On average, ICF has roughly doubled in size every five years over the past two decades as a former private equity-backed company and one that has traded on the public markets since 2006.
So how soon does the global technology consultant repeat that for the next five years? That would mean going from the $1.475 billion-$1.5 billion in revenue it expects to post this year to around $3 billion by 2024.
Those certainly are big numbers to achieve, as ICF executives acknowledged during the company’s investor day on Dec. 3. But the way they get there is simple, at least for ICF’s federal business: pursue more longer-term contract opportunities north of $100 million.
Which means the work to move on those bids begins early, as CEO John Wasson explained.
“You have to start positioning, teaming and working these deals two or three years in advance,” Wasson said. “We’re quite skilled at capture, but we have not done it for as many, we don’t have quite the depth of experience at 100, 250, 500 million dollars, so that’s another investment we’re making to make sure we up our game on that.”

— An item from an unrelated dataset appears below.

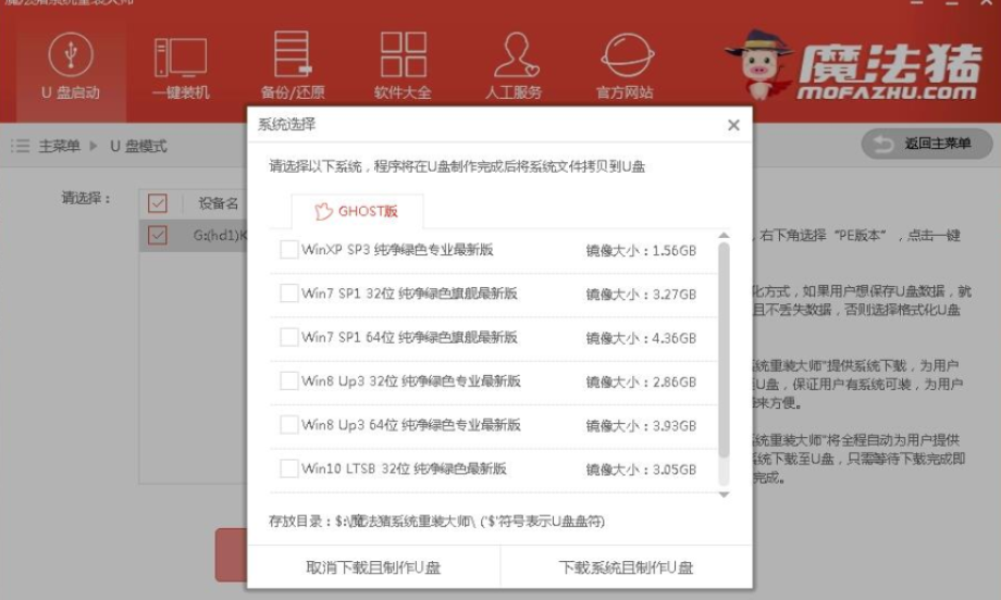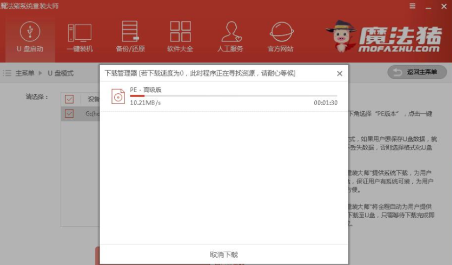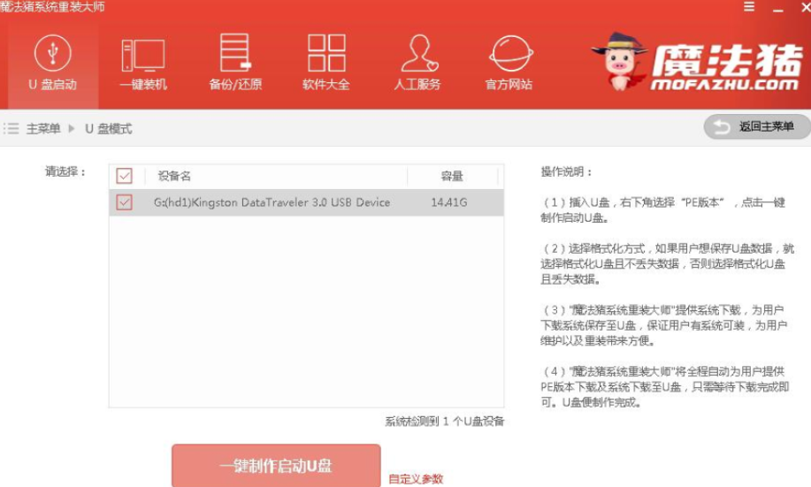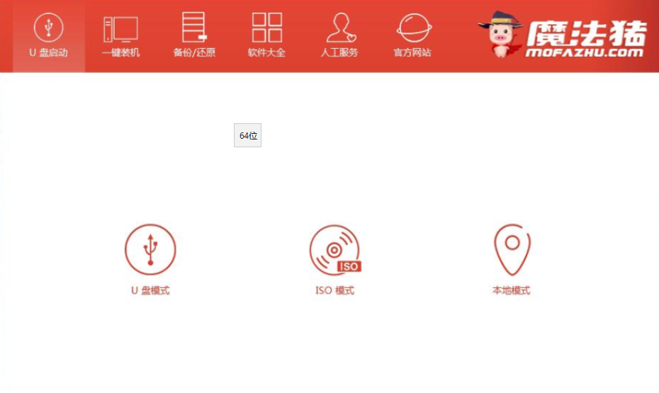 1.把U盤插到電腦USB接口,運行魔法豬系統重裝大師軟件,切換到U盤啟動——點擊U盤模式。

Wasson in October succeeded Sudhakar Kesavan, ICF’s chief executive of the past 20 years, who remains chairman of the board.

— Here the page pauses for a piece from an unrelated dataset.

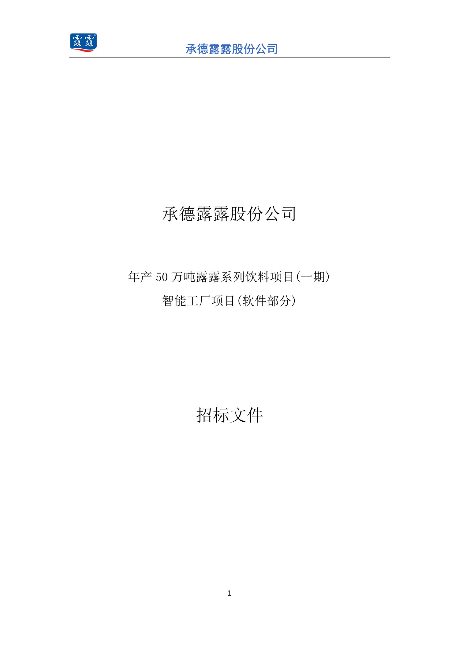 BG视讯股份公司年产50万吨露露系列饮料项目(一期)智能工厂项目(软件部分)招标文件.docx

The $100 million-opportunity threshold previously mentioned is not limited to the federal market. Contracts of at least that value are also coming out in some highly-regulated commercial segments ICF has significant footprints in. Think energy, health care and others.
But in the federal market, the notion of scale is especially pronounced as many contracts for technology-related jobs are getting larger, longer in duration and more complex.
As Wasson pointed out, agencies are wanting to move from legacy IT platforms to new environments with cloud computing as a core piece of that shift.
Which means ICF, “absolutely needs to win larger implementation contracts in the technology and engagement front and they’re out there, both in civilian and defense,” Wasson said.
“We have a suite of capabilities where we’re able to go after opportunities now. Certainly from the digital side we have some scale. We’ve effectively competed in cyber in very specific markets on the technology side. We do have some next-gen IT. I think there we need more and deeper scale,” he said.
That leads to the second tool of growth Fairfax, Virginia-based ICF has at its disposal. On the corporate website, ICF lists 16 acquisitions it has made since 2002 across both public sector and commercial businesses given the company’s strategy to see those sides as far from separate.
Wasson characterized ICF’s past 20 years as seeing half of its growth organically and half through acquisitions to bring in additional service offerings and customer sets the company is not in already. Then there is the matter of what to do as the company builds its scale, particularly in the next-generation IT and technology engagement areas.
“The model is then finding opportunities in the civilian space where they need to implement these larger technology platforms," he said. "We will be able to use the same strategy where we leverage our domain expertise, there’s the architecting and putting those platforms in a way that helps them carry out their missions. That high-level strategy I think will help us on these kinds of deals.”